The dynamic process of radioactive iodine removal by ionic liquid 1-butyl-3-methyl-imidazolium acetate: discriminating and quantifying halogen bonds versus induced force

Abstract

With the increasing demand for nuclear energy and the Fukushima Daiichi nuclear disaster in 2011, the removal of radioactive and hazardous iodine has attracted more and more attention. Here, we investigate the dynamic process of radioactive iodine sorption in a representative acetate-based ionic liquid (AcIL), 1-butyl-3-methyl-imidazolium acetate [BMIM][Ac], via in situ UV-Vis spectroscopy in combination with a two-dimensional correlation technique. More importantly, the halogen bonds (including interior and exterior types) and induced force (only possessing an exterior form) resulting in iodine sorption in [BMIM][Ac] at specific time points are discriminated and quantified. The results show that the iodine sorption in [BMIM][Ac] can be divided into three zones.

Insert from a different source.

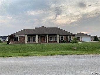Very nice full brick ranch home on the north side of Aviston in Sunset Hills Subdivision. This home is 3 bedroom and 3.5 bathrooms, each bedroom has its own full bathroom and large closet. There is wood floors throughout the living room, dining room, hallways and kitchen. There is a half bathroom and laundry room that sits off the entrance from the garage. Nice open floor plan through the home and a office off the foyer with double glass doors. There is a full basement that has one egress window and 3 lookout windows and rough in plumbing for a bathroom. To top off this house there is a 28x40 Shed with a 12x40 porch and a full stone outdoor fireplace. Very nice home in a great location. Don't miss this one set up a showing today
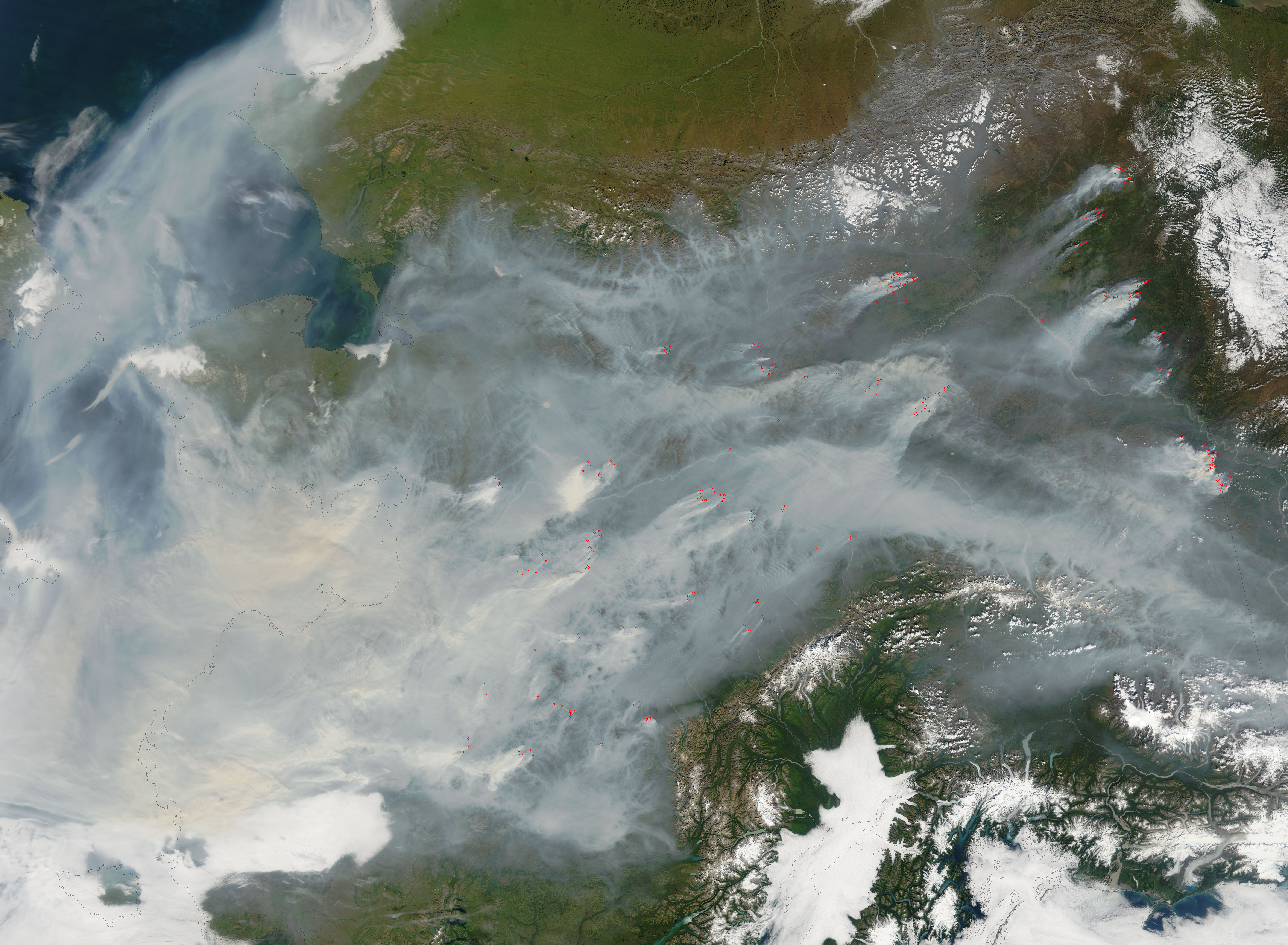 On August 14, 2005, the Moderate Resolution Imaging Spectroradiometer (MODIS) on NASA’s Terra satellite captured this stunning image of forest fires raging across the width of Alaska. Smoke from scores of fires (marked in red) filled the state’s broad central valley and poured out to sea. Hemmed in by mountains to the north and the south, the smoke spreads westward and spills out over the Bering and Chukchi Seas (image left). More than a hundred fires were burning across the state as of August 14.

In the first 140 min, only halogen bonds occur (Zone 1). From 140 to 240 min, (exterior) halogen bonds and induced force occur simultaneously (Zone 2). After 240 min, only induced force occurs (Zone 3). Specifically, Zone 1 consists of two subzones, i.e., Zone 1a (before 90 min) and Zone 1b (90–140 min), corresponding to interior and exterior halogen bonds, respectively. Zone 2 is composed of three subzones, i.e., Zone 2a (140–180 min), Zone 2b (180–200 min), and Zone 2c (200–240 min), with (exterior) halogen bonds taking up the majority, approximately one half, and a small part of the total iodine sorption, respectively. The proportion of halogen bonds and induced force resulting in iodine sorption by [BMIM][Ac] can be approximately derived as 100% and 0% within 140 min, 96% and 4% within 240 min, and 91% and 9% within 570 min, respectively. Furthermore, the proportion of interior and exterior halogen bonds resulting in iodine sorption by [BMIM][Ac] could be approximately derived as 85% and 15% within 140 min, 80% and 20% within 240 min, and 80% and 20% within 570 min, respectively. These processes and quantifications can provide insight into the radioactive iodine removal by ILs in addition to the [BMIM][Ac] that we investigated here, and may motivate further experimental or theoretical studies on the application of halogen bonds for removal of iodine by designing new types of ILs.